I’m on my back from Bristol to London travelling some 120 miles and for once I have sat my sorry arse on a packed bus, which is sweltering in the only way a British bus could. And as I watch the constant gaggle of cars amassing around our coach. I conclude as I have done countless times before that people really don’t know how to drive motorways. I assume it is because we’re not taught to. Not once did I go on a motorway with a driving instructor.
I remember back to when I first passed my test, and first popped myself at the entrance of these gifts of man. I floored the accelerator as deep in the ground as I could, pushing the car down the slip road, dodging cars as I scrambled on. It’s at this point fear, lack of knowledge and training kick in, on the most dangerous undertaking a human is ever likely to do willingly and supposedly normally. I was hurling down a road at 70 mph in a tin box that could do faster than that and I was holding on for dear life.

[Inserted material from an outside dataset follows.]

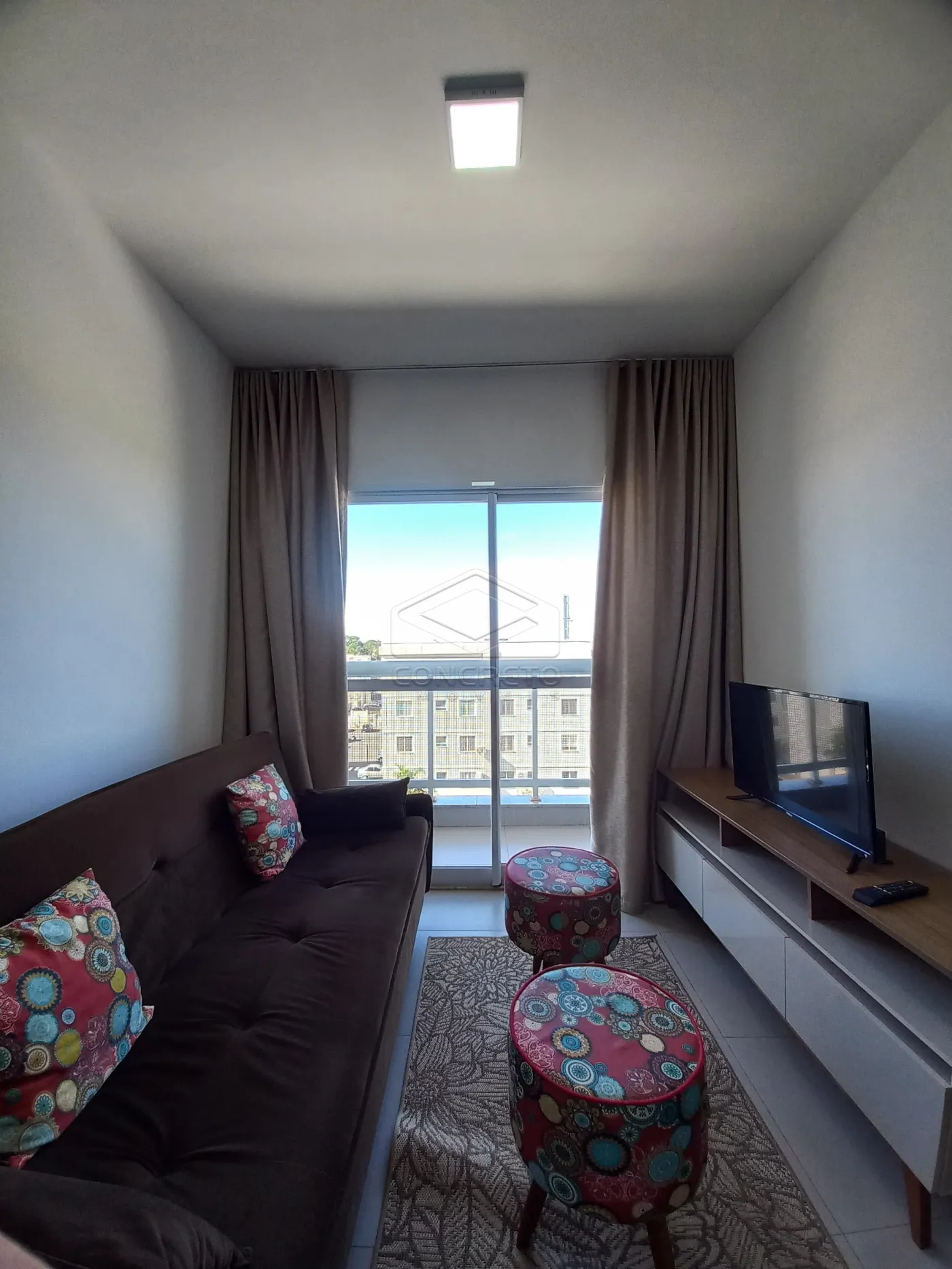 -Sala com sofá, estante, cortina blackout e varanda

I pulled on all my vicarious learned skills and muddled my way through. Luckily I grew up learning motorway driving on the autobahns in Germany. And I knew the point was to drive fast, drive safe and most of all know what is going on around you. That’s the key see. Knowing who is around you, where the gaps are, and who is coming up behind you. Alertness being everything, I was looking all over the place. Weaving in and out of lanes, all to use the most appropriate space around me. No undertaking, just overtaking, and allowing others to overtake me. I used a motorway like it had three lanes. To this day, especially now it surprises me why people drive on these roads if they are going to sit in the middle lane and cruise their way along, with no idea the chaos the leave in their wake. The 3 lane motorway is shackled into 1 lane, which we all bunch up into, for a slight hope to get passed that twat in the middle lane, to the left of him/her there is of course nothing. They sit in the middle of the motorway with their ideology that at some point they’ll need to overtake a car, so best just to stay put. I ask, why oh why don’t they let us all pass safely!?
Why is this such a bad problem? Because everyone does it. Why do they do it? My theory is fear of changing lanes, laziness, complete lack of understanding, no training and the wretched speed limit. The 70 mph limit brings apathy and boredom to driving, turning it to mundane experience that doesn’t require attention. Of course others treat the limit as a way to play police and control everyone’s speed. “I’m at the limit, you can’t overtake me anyway, so I’m not moving over,” they scream in their cars.
Well bollocks to it all. If the motorways are to move more efficiently, remove limits, teach people to drive them and slap the middle lane cruisers with a fine!